On Calea Griviței nr. 193B, in the inner courtyard of a railway administrative complex immediately adjacent to Gara de Nord, sits one of the oldest technical museums in Bucharest. The CFR Museum does not impress through scale and makes no attempt to — it impresses through the density of a heritage built over more than eight decades, bringing together the history of one of the most important railway networks in Eastern Europe.

An institution with a history of its own

The CFR Museum was inaugurated on 10 June 1939, as part of the Ceferiadă celebrations marking the 70th anniversary of the first train running on Romanian territory, in the presence of King Carol II. Its first location was beneath the stands of Giulești Stadium, where the collection's exhibits were shown to the public for the first time.
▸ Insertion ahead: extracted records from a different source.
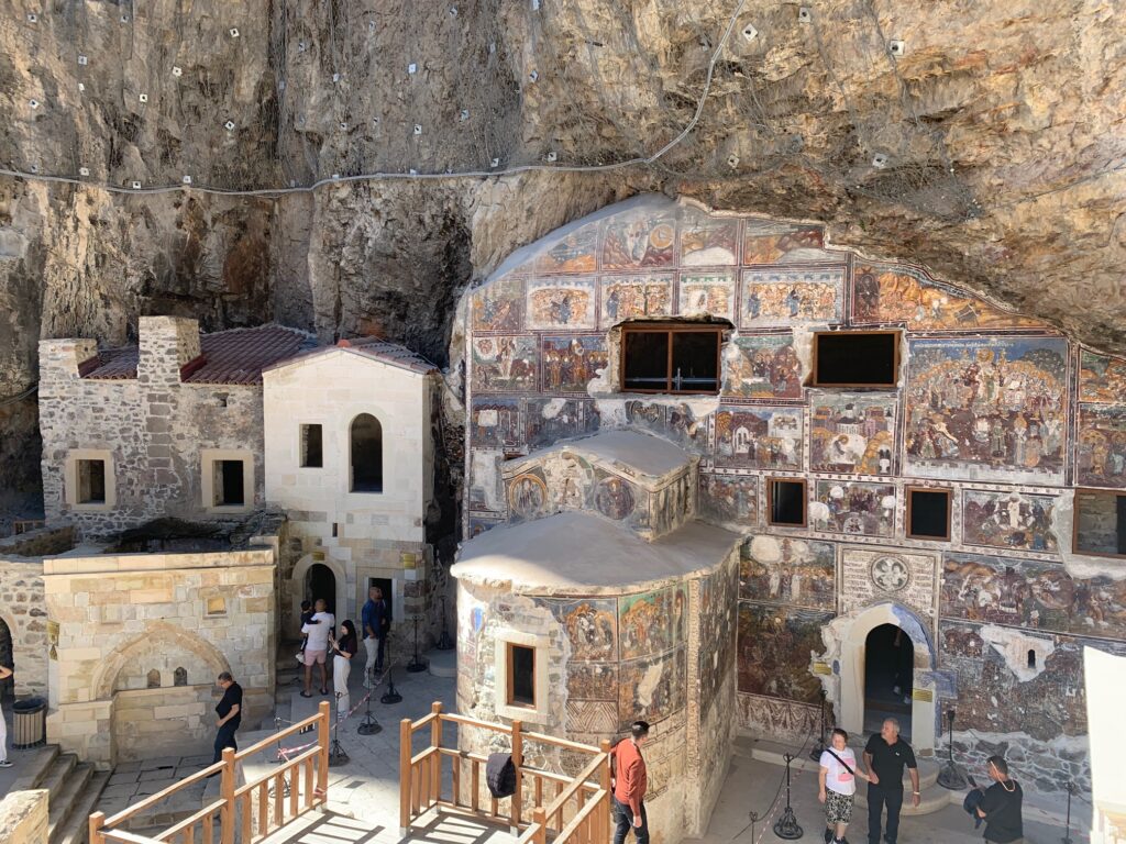 Sümela Monastery was the first stop of the tour. The monastery is less than an hour drive from Trabzon’s city center. Its buildings are made of stone and mortar and are precariously perched on the side of a mountain above a valley. The pictures shown on the Internet are what drew us to Trabzon.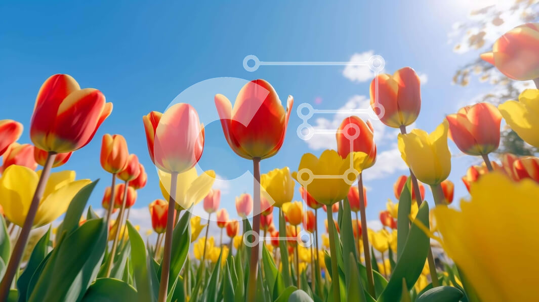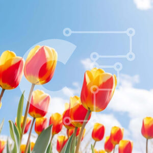 Intra Συλλεκτικό Ξύλινο Παζλ Plywood 4mm - Πεδίο με κόκκινες και κίτρινες τουλίπες με μπλε ουρανό Σε Ξύλινο Κουτί - Διαστάσεις: 10x10 cm – 25 κομμάτια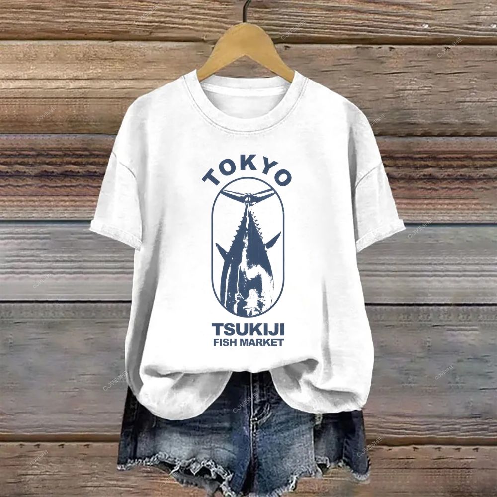 Crew Neck Tokyo Tsukiji Fish Market Printed Casual Cotton T-shirt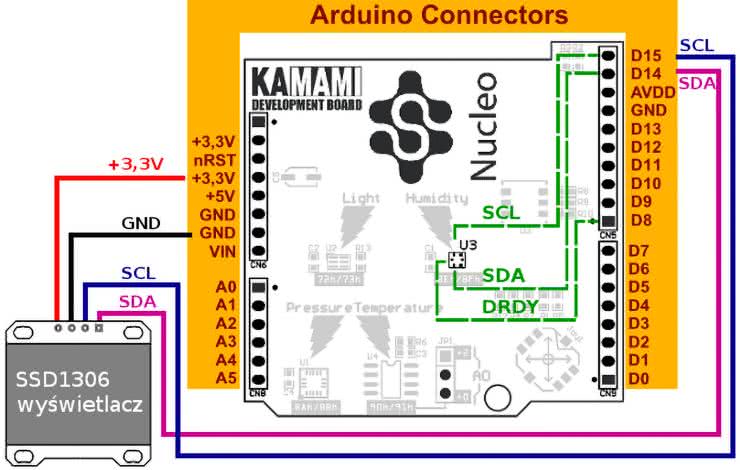 Na rysunku 2 pokazano schemat połączeń wykonanych pomiędzy gniazdami a czujnikiem i wyświetlaczem. Zielonymi liniami przerywanymi zaznaczono połączenia pomiędzy zamontowanym na płytce KA-NUCLEO-Weather czujnikiem HTS221 i wyprowadzeniami na złączach. Do tych samych wyprowadzeń magistrali I²C, do których przyłączono czujnik, doprowadzone są przewody linii SCL i SDA wyświetlacza. Dodatkowo, wyświetlacz jest przyłączony do masy GND i pobiera napięcie zasilania z jednego z dostępnych wyprowadzeń +3,3 V. Zasilanie czujnika jest poprowadzone na płytce KA-NUCLEO-Weather i na rysunku nie zostało zaznaczone. Dodatkowa linia DRDY połączona z wyjściem D8 na złączu Arduino, służy do sygnalizowania gotowości czujnika do odczytu danych kolejnego pomiaru wilgotności i temperatury. Na płytce KA-NUCLEO-Weather zamontowano obowiązkowe dla interfejsu I²C rezystory zasilające linie SCL i SDA.
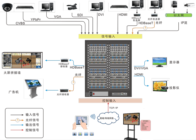 支持所有常用輸入/輸出信號卡,與HDMI,HDbaseT,SD/HD/3G-SDI,光纖,DVI和VGA(兼容YUV,YC及CVBS)可以任意輸入切換到任意輸出;

In 1944, the bombing raids that severely damaged the northern part of Bucharest destroyed a large part of the collection. The museum reopened on 1 May 1953, in the building of the Railway Technical House — constructed during the interwar period — where it continues to operate today. A further reorganisation took place in 1969, on the occasion of the centenary of the Bucharest–Giurgiu railway line, when the collection's thematic structure was replaced with a chronological one.

What the collection holds

The museum traces the history of the railway from the first European lines — opened in 1830 between Liverpool and Manchester — to the modern Romanian railway network. The first railway line on what is now Romanian territory opened in 1854, on the Oravița–Baziaș route, intended exclusively for coal transport. The first passenger line, Bucharest–Giurgiu, was inaugurated in 1869.

The collection brings together scale models of locomotives and carriages, original historical documents, CFR uniforms and equipment, signalling instruments, various types of switching control panels, period clocks — including a suspended mechanical clock, a Paul Garnier clock and an electric clock centre — and objects related to figures who shaped Romanian railway history, among them engineer Anghel Saligny, designer of the Cernavodă bridge.

In the inner courtyard, accessible through the Calea Griviței entrance, two full-size steam locomotives are on display: the "Călugăreni" locomotive and locomotive 763.215.

The diorama — the centrepiece

The focal point of any visit remains the demonstrative diorama of a Romanian railway route, inaugurated on 16 May 2012 and the largest of its kind in Romania. Built to a scale of 1:87, it measures over 14 metres in length and approximately 4.4 metres in width. The route passes through plains, hills and mountain terrain, runs through tunnels and over bridges, and includes a locomotive depot and a repair shed modelled on the București Călători depot.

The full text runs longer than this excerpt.